The US military also has real world uses for video games. While America's Army has a long ways to go before it can match the full world battle simulation of Planetside, its small scale, close quarters offerings are some of the most realistic in the world. In the latest versions used by the US Army itself in training, it's replaced monsterous mainframe systems with cheap commodity hardware... and it's actually proven in battle. There are cases on the record books where field medics, and even civilins, have preformed medical procedures they only experienced before in the America's Army Video Game. Waste of time? Not according to according to the guys responsible for putting warheads on the forheads either.

AFBlues covered this topic in a very effective manner recently, in this comic : http://www.afblues.com/?p=941. A UAV, or Unmanned Aerial Vehicle had crashed. Nobody was hurt, injured, killed, or whatever. Now... just where do you think the implementation for UAV's came from? If you said Video Games, you got it right. Most of the major improvements in remote control and video control have come from video games. To many UAV pilots, sitting down at their console and flying their craft is exactly identical to sitting down at a computer monitor and loading up a really good flight simulator.

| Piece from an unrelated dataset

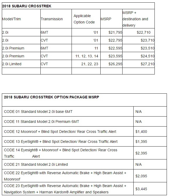 Subaru announced the pricing of the new 2018 Crosstrek, the second model in the company’s range to take advantage of their fresh Global Platform.
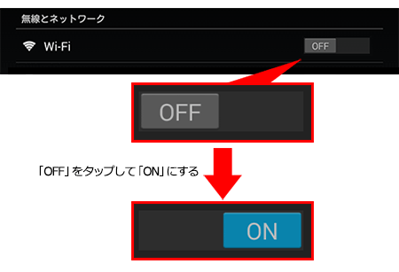 Wi-Fiが「OFF」の場合は、「OFF」をタップして「ON」にしてください。

The examples of real life implementations of video games go on. Space Shuttle Launches? Take a good look at the inside of NASA's space centers when they put a shuttle launch on TV. Air-Defense and Missile Command Systems? Good luck determining whether or not a Patriot Missiles Control deck is a game. It isn't of course, but if you wanted to, you could use it to simulate an entire missile attack and counter-attack. The implementation of video games in real life is not just limited to Military applications either. City bomb squads depend on robots and controls that were developed as off-shoots of... you guessed it... video games.

The idea of using games for combat training has been around for years, it was one of the major plot points to Orson Scott Card's book, Ender's Game. In that book, children were told they were playing games... instead they were training for, and then actually implementing real battle strategies and controlling epic fights light years away. Monica Hughes used the same sort of plot point in her book, Invitation To the Game. The plot point there consisted of a group of grade school graduates being introduced to an alien world... through a video game. Then there was Star Trek and the Holo Deck. In fiction, the ideas have been there for decades. Now, those ideas are here... in reality.

Okay, as I explained back in 2008, just playing a game doesn't automatically grant you certain skills. However, certain games can teach you certain skills. Playing a Flight Simulator won't automatically teach you how to pilot a Cesna. However, you can use a Flight Simulator to improve your skills and how you interact with the equipment. You can train your eyes to detect certain positions of the aircraft. Most flight schools put pilots through hours in simulators before sending them up in a real craft. Waste of time? I've yet to meet one pilot who thought a Flight Simulator was a waste of time.

Now, I realize that I am dancing around the issue of how an 11-year old managed to get a degree in LA's University System. That is a can of worms on it's on. From that single comment on video games though? I seriously question how good LA's school system is if it could turn out somebody that can't even see basic benefits that video gaming has brought over the past years.

Then again, it is LA. I've been there. I can't really say I'm surprised.